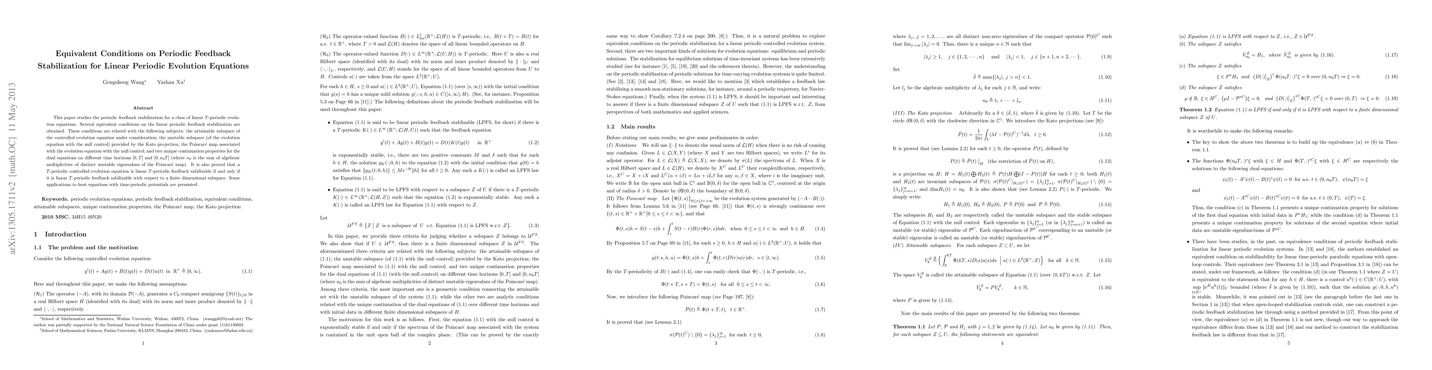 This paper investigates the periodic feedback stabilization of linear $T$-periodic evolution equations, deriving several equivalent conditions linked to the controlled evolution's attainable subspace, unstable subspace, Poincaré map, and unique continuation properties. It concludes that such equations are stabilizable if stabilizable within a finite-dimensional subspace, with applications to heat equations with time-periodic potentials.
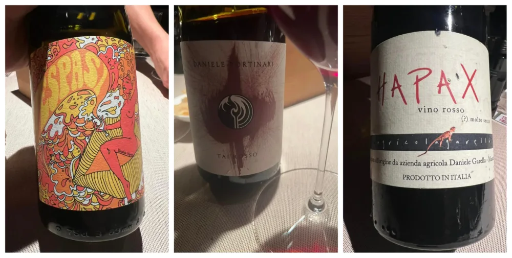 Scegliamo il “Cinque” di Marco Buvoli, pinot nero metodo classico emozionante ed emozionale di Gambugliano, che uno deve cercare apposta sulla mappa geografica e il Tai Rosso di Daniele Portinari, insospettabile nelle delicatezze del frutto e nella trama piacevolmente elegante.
* * *
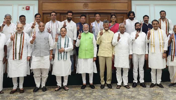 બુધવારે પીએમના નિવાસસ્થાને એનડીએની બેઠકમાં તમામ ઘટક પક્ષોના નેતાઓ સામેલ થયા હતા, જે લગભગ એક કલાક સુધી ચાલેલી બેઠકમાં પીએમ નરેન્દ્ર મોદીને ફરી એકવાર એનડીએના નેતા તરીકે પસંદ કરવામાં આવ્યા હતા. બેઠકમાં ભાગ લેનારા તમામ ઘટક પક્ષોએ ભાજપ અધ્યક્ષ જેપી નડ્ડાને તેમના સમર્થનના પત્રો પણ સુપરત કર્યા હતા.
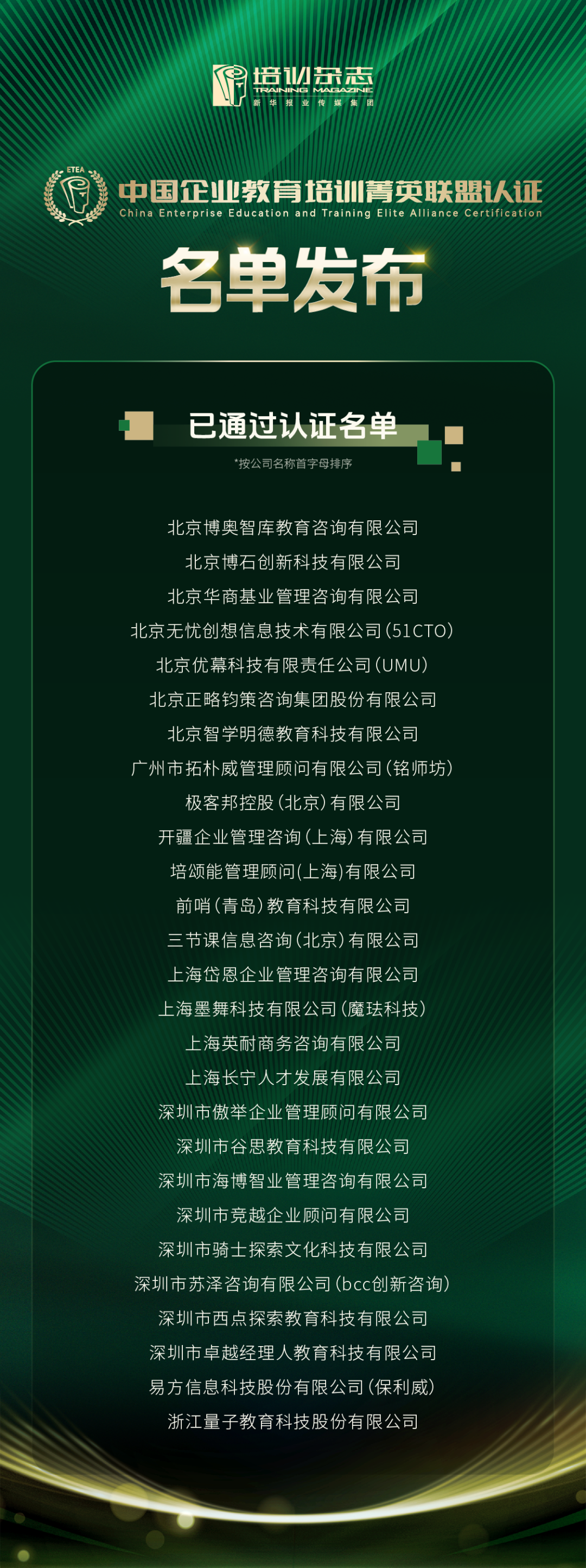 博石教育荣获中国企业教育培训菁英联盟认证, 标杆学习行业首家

Exercise:
Return only the stretch above from the line containing "બુધવારે પીએમના નિવાસસ્થાને" through the line containing "博石教育荣获中国企业教育培训菁英联盟认证, 标杆学习行业首家", word for word and without pictures.

Exercise solution:
 બુધવારે પીએમના નિવાસસ્થાને એનડીએની બેઠકમાં તમામ ઘટક પક્ષોના નેતાઓ સામેલ થયા હતા, જે લગભગ એક કલાક સુધી ચાલેલી બેઠકમાં પીએમ નરેન્દ્ર મોદીને ફરી એકવાર એનડીએના નેતા તરીકે પસંદ કરવામાં આવ્યા હતા. બેઠકમાં ભાગ લેનારા તમામ ઘટક પક્ષોએ ભાજપ અધ્યક્ષ જેપી નડ્ડાને તેમના સમર્થનના પત્રો પણ સુપરત કર્યા હતા.
 博石教育荣获中国企业教育培训菁英联盟认证, 标杆学习行业首家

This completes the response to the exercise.